На первое заседание пришли все приглашенные, расселись по лавкам, расставленным вдоль стен гостиной. Было шумно и весело. Многих раззадоривала необычность обстановки и то обстоятельство, что они впервые попали в такое высокое учреждение. Однако при появлении великого князя установилась почтительная тишина.
Довбуш уселся на престоле и, оглядев всех живыми, веселыми глазами, принялся говорить. Он поздравил новых членов Думы, высказал надежду, что они со всем усердием примутся за работу, а потом вдруг ни с того ни с сего перешел на свое детство, рассказал, что оно протекало в Рерике, на берегах Балтийского моря, куда они со сверстниками бегали купаться и ловить рыбу, как порой неосторожно они на лодках уплывали в дальние просторы и однажды чуть не погибли во время налетевшего шторма.
Он вдруг вспомнил, что вокруг столицы стоят прекрасные леса, где множество грибов и ягод, что он помнит и знает множество тропинок в чащах, по которым с друзьями детства пробирался к заветным местам с полянами земляники и клубники, а также россыпям белых грибов и опят…
Но неожиданно, отметил он, его посадили в возок и отвезли в Галкино, оторвав от столицы, друзей и активной жизни. Но и там он время не терял. В тиши небольшого поселка он много размышлял о будущем страны и народа, намечал большие планы по переустройству общества, надеялся, что когда-то боги восстановят справедливость и вернут ему трон родителей. И вот это свершилось. И преобразование Думы – это только первый шаг по пути воплощения в жизнь намеченных изменений…
Словен слушал и не узнавал прежнего Довбуша. В Галкино он привык видеть его несколько прибитым, пришибленным, может быть, даже робким. Если он говорил, то немного, насчет будущего своего не распространялся совсем, а больше излагал обиду на свое заточение. Говорил он с трудом, с большими перерывами между отдельными высказываниями, порой переходил с одной темы на другую…
А теперь слова сыпались из Довбуша, точно горох из дырявого мешка. Он говорил и говорил, не переставая, обволакивая слушателей густой пеленой словесного тумана, заставляя забыть обо всем и принуждая внимать этой пустой болтовне.

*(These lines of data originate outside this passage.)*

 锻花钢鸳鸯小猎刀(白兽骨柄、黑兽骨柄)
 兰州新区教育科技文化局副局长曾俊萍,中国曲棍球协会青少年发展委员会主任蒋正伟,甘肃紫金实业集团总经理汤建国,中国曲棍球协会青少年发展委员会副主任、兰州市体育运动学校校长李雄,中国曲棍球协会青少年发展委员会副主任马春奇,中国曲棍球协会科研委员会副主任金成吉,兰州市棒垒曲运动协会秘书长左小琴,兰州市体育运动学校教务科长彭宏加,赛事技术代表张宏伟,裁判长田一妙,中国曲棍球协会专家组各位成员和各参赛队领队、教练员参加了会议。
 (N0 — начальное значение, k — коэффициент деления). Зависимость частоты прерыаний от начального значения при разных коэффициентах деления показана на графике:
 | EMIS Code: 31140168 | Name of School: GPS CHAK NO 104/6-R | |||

Что это была лишенная всякого смысла бестолковая трескотня, понимали все, но вынуждены были внимать, потому что говорил великий князь, а своего правителя они привыкли слушать. Тараторил Довбуш, не меняя выражения лица, оно оставалось улыбчивым, добрым и никак не выражало содержание его речей. Казалось, что кто-то сзади его изрекает легкомысленные слова, а он сидит на троне и повторяет за ним, совершенно не вникая в их смысл.
Около часа продолжалась эта болтовня, пока, наконец, Довбуш не перешел к поставленному на Думе вопросу – о распределении денег из казны на различные дела и по различным землям. Он рассказал, сколько поступило средств государству в виде дани, сколько было получено доходов от торговли, таможенных сборов и прочее и прочее, а потом доложил, как намерен распорядиться полученными богатствами.

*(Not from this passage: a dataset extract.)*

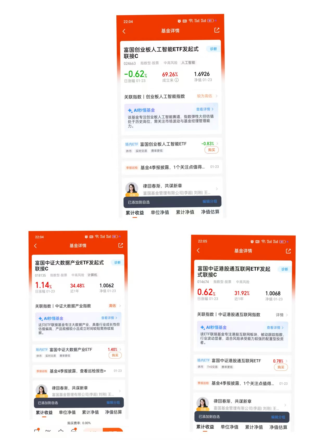 对于普通投资者来说,想要抓住港股AI的机会,但又担心个股波动太大,指数基金是个不错的选择。像$富国中证港股通互联网ETF发起式联接C$ 这样的产品,跟踪的是中证港股通互联网指数,重仓股包括阿里(18.58%)、小米(15.79%)、腾讯(14.97%)、美团(11.45%)等互联网龙头。这些公司的业务与AI产业链深度绑定——阿里有通义千问,腾讯有混元大模型,美团在即时配送算法上积累深厚,小米则在AIoT领域布局广泛。通过一只基金就能打包这些巨头,既分散了风险,又不会错过板块的整体行情。
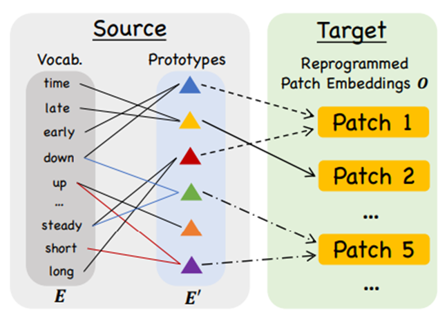 Patch reprogramming은 시계열 데이터가 자연어 모델이 이해할 수 있는 representation을 가질 수 있도록 하기 위해 수행된다. Reprogramming이라는 용어는 사전에 학습된 모델의 weight를 수정하지 않고 현재 가지고 있는 데이터를 잘 추론할 수 있게 하기 위해서 입력 데이터를 약간 수정하는 방식을 의미하는 것 같다. 즉 입력 데이터에 학습 가능한 노이즈를 추가하는 방식으로 학습된다.

Первую часть его доклада – о полученных доходах – слушали внимательно и спокойно. Тут вроде бы все было ясно. Но как только великий князь перешел к вопросу о разделении между различными землями, началось сначала легкое, а потом все больше и больше нараставшее волнение. И когда Довбуш закончил свою речь и с довольным видом устало откинулся на спинку кресла, как видно надеясь услышать слова похвалы и одобрения, в гостиной возник шум. Говорили все разом, а некоторые повскакали с мест и выкрикивали гневные слова, но за общим гвалтом невозможно было что-либо расслышать.

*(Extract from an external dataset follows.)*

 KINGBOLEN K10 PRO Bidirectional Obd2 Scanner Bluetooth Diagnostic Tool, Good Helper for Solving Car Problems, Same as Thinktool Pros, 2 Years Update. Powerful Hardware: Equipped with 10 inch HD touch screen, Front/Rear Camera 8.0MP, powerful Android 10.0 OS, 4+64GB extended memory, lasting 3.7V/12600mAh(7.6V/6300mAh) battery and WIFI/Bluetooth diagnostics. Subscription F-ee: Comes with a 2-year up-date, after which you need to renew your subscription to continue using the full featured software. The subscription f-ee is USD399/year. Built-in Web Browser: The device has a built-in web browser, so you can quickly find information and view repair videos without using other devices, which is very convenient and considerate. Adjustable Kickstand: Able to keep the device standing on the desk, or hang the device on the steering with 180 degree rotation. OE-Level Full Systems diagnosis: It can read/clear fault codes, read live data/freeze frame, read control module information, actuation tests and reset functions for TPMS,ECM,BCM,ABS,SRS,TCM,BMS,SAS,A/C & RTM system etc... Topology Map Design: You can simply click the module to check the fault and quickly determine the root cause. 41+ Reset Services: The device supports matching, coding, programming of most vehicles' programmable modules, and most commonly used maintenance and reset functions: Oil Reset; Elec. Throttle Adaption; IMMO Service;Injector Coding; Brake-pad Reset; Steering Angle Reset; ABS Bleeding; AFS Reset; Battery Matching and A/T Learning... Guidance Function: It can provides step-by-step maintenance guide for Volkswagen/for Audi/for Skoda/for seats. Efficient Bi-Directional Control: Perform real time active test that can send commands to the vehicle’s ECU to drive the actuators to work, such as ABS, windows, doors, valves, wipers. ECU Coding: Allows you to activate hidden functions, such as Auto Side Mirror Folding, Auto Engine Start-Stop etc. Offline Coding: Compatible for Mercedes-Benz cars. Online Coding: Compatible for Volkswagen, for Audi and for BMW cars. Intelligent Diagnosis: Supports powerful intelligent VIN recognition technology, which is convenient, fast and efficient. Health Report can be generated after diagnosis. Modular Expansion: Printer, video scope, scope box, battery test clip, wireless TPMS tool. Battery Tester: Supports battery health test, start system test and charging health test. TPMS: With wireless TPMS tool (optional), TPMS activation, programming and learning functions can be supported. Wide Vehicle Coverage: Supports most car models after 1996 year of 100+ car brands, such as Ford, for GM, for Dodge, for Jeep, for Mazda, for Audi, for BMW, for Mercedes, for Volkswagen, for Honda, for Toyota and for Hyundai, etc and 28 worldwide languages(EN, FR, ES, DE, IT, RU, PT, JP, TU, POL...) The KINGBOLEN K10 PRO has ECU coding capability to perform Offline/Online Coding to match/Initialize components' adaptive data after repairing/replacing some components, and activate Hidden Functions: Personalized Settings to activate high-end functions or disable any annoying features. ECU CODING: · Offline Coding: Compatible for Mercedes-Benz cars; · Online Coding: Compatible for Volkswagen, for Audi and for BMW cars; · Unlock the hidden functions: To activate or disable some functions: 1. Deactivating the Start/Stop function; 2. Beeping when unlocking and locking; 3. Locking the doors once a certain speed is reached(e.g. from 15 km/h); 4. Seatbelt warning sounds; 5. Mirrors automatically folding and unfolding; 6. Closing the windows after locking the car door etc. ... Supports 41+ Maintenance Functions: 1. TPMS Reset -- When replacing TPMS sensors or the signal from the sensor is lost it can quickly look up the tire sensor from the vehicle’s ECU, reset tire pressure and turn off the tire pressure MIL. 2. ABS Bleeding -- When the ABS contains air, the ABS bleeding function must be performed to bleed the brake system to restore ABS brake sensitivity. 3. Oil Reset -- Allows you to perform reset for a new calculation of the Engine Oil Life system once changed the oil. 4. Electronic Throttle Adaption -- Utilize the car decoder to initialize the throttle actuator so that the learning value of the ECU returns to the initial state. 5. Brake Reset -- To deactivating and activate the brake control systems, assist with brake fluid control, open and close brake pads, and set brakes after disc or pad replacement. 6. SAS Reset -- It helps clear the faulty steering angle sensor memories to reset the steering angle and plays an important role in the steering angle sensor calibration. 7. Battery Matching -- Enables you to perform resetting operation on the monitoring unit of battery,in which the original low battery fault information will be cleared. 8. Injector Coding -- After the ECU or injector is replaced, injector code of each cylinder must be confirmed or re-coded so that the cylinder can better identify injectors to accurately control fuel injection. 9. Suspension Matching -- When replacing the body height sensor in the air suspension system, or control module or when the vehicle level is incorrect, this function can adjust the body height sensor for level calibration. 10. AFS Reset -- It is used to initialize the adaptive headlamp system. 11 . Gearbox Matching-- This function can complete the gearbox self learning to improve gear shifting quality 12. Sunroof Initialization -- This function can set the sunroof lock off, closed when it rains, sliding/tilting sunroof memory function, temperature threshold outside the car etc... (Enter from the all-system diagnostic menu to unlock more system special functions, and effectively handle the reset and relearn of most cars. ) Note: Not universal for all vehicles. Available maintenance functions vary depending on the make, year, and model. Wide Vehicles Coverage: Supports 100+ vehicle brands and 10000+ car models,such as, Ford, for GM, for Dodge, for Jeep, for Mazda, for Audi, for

Довбуш на первых порах растерялся. Он оглядывался вокруг, ища поддержки, но ни от кого ее не мог получить. Стражники истуканами стояли по обе стороны от него и безучастно следили за происходящим, да и они были бессильны что-либо сделать; из членов Думы никто не собирался помочь великому князю. Наконец, поняв, что только он может как-то изменить положение, Довбуш вскочил и крикнул истерично:
– Молчать!
И, видя, что некоторые услышали его крик, он затопал ногами и взвыл:
– Молчать, говорю! Молча-а-ать!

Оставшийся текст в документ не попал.